315. Count of Smaller Numbers After Self

You are given an integer array nums and you have to return a new counts array. The counts array has the property where counts[i] is the number of smaller elements to the right of nums[i].

Example:

Given nums = [5, 2, 6, 1]

To the right of 5 there are 2 smaller elements (2 and 1).
To the right of 2 there is only 1 smaller element (1).
To the right of 6 there is 1 smaller element (1).
To the right of 1 there is 0 smaller element.

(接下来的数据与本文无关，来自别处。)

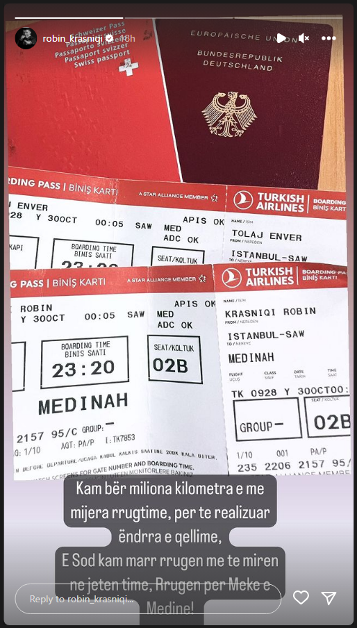 Por, natën e mbrëmshme ai bëri të ditur se do të marr rrugën në Mekë e Medinë.

Return the array [2, 1, 1, 0].

含义：针对一个数组，找到每一位的右面有多少个数小于它的值，没有的话就是0，返回数组

思路一：从后往前用二分插入法来倒排数组，后面的数字个数即为比当前数字小的数字

    public List<Integer> countSmaller(int[] nums) {
        int[] smaller = new int[nums.length];
        for(int i=nums.length-2; i>=0; i--) {
//            从后往前遍历nums,采用二分插入排序的方式，将数组进行降序排列
// 取出nums[i]后保存到temp，从i+1到末尾间找到nums[i]应该存在的位置（从i+1到末尾是降序排列），比如是left
            int left = i+1;
            int right = nums.length-1;
            while (left<=right) {
                int m = (left+right)/2;
                if (nums[i] > nums[m]) right = m - 1;
                else left = m + 1;
            }
            smaller[i] = nums.length - left; //left后面的所有数都比nums[i]小
            int temp = nums[i];
            for(int j=i; j<right; j++) nums[j] = nums[j+1]; //把i和right之间的数据依次往前移动，空出right位置用于放置nums[i]
            nums[right] = temp;
        }

            return Arrays.stream(smaller)
                         .boxed()
                         .collect(Collectors.toList());

    }

方法二：

public class Solution {
    private class TreeNode {
        public int val;
        public int count = 1;
        public TreeNode left, right;

        public TreeNode(int val) {
            this.val = val;
        }
    }

    public List<Integer> countSmaller(int[] nums) {
//        构造一棵二分搜索树，稍有不同的地方是我们需要加一个变量smaller来记录比当前节点值小的所有节点的个数，我们每插入一个节点，会判断其和根节点的大小，
//        如果新的节点值小于根节点值，则其会插入到左子树中，我们此时要增加根节点的smaller，并继续递归调用左子节点的insert。
//        如果节点值大于根节点值，则需要递归调用右子节点的insert并加上根节点的smaller，并加1
        
        List<Integer> res = new ArrayList<>();
        if(nums == null || nums.length == 0) {
            return res;
        }
        TreeNode root = new TreeNode(nums[nums.length - 1]);
        res.add(0);

        for(int i = nums.length - 2; i >= 0; i--) {
            int count = addNode(root, nums[i]);
            res.add(count);
        }

        Collections.reverse(res);
        return res;
    }

    private int addNode(TreeNode root, int val) {
        int curCount = 0;
        while(true) {
            if(val <= root.val) {
                root.count++;                   // add the inversion count
                if(root.left == null) {
                    root.left = new TreeNode(val);
                    break;
                } else {
                    root = root.left;
                }
            } else {
                curCount += root.count;
                if(root.right == null) {
                    root.right = new TreeNode(val);
                    break;
                } else {
                    root = root.right;
                }
            }
        }

        return curCount;
    }